**** Input ****
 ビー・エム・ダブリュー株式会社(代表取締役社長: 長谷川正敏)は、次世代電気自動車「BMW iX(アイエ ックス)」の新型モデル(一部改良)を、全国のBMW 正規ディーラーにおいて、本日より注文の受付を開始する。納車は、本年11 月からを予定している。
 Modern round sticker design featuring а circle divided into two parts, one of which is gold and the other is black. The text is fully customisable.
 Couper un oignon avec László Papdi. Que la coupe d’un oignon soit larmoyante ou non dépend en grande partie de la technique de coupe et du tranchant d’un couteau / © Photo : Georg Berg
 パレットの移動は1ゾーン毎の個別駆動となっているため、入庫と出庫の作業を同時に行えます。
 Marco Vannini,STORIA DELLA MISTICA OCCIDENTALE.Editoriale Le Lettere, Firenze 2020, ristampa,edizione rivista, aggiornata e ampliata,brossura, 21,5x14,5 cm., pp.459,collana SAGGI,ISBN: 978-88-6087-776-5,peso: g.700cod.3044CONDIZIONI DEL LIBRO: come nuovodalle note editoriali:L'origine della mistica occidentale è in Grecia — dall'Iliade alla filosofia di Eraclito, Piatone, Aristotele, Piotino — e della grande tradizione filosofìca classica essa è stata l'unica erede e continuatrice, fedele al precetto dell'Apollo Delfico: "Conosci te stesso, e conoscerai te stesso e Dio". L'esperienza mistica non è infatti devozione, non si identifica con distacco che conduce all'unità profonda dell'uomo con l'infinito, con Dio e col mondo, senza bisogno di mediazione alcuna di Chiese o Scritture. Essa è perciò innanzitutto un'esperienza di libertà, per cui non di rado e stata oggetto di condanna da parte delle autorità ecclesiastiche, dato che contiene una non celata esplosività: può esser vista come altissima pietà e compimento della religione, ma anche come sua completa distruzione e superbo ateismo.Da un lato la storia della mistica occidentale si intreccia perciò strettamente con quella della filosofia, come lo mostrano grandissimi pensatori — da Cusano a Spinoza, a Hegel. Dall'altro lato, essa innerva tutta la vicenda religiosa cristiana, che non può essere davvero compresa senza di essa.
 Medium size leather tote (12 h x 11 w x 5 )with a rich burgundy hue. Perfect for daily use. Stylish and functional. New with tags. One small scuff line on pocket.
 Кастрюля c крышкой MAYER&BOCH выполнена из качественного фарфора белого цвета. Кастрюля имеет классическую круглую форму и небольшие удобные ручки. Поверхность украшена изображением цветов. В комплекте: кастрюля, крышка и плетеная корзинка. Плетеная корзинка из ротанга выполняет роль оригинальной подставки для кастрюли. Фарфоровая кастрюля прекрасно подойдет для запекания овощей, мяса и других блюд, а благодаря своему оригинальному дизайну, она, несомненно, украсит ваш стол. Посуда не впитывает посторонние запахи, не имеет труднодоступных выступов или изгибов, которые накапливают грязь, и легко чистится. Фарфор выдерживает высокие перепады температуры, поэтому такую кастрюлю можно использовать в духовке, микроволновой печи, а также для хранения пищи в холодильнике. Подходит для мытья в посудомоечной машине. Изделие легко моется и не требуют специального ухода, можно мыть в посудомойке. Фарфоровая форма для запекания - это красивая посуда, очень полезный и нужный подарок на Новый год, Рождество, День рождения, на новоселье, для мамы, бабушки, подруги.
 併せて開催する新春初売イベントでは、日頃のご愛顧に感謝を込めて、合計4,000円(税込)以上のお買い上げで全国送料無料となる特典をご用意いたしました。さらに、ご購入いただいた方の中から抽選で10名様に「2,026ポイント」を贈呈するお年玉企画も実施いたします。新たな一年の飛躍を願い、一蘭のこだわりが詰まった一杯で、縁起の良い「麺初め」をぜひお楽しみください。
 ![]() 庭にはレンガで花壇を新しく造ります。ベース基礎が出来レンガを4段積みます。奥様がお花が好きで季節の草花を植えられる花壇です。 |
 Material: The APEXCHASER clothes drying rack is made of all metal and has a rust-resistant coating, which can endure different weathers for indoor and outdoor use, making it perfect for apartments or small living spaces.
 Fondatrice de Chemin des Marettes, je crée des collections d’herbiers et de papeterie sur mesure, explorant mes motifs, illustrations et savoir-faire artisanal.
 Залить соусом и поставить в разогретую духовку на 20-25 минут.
****
> _Your goal_: Your output must contain exactly the lines from the one containing "併せて開催する新春初売イベン" to the final line of the data above, and no other text.

> _Written solution_:
 併せて開催する新春初売イベントでは、日頃のご愛顧に感謝を込めて、合計4,000円(税込)以上のお買い上げで全国送料無料となる特典をご用意いたしました。さらに、ご購入いただいた方の中から抽選で10名様に「2,026ポイント」を贈呈するお年玉企画も実施いたします。新たな一年の飛躍を願い、一蘭のこだわりが詰まった一杯で、縁起の良い「麺初め」をぜひお楽しみください。
 ![]() 庭にはレンガで花壇を新しく造ります。ベース基礎が出来レンガを4段積みます。奥様がお花が好きで季節の草花を植えられる花壇です。 |
 Material: The APEXCHASER clothes drying rack is made of all metal and has a rust-resistant coating, which can endure different weathers for indoor and outdoor use, making it perfect for apartments or small living spaces.
 Fondatrice de Chemin des Marettes, je crée des collections d’herbiers et de papeterie sur mesure, explorant mes motifs, illustrations et savoir-faire artisanal.
 Залить соусом и поставить в разогретую духовку на 20-25 минут.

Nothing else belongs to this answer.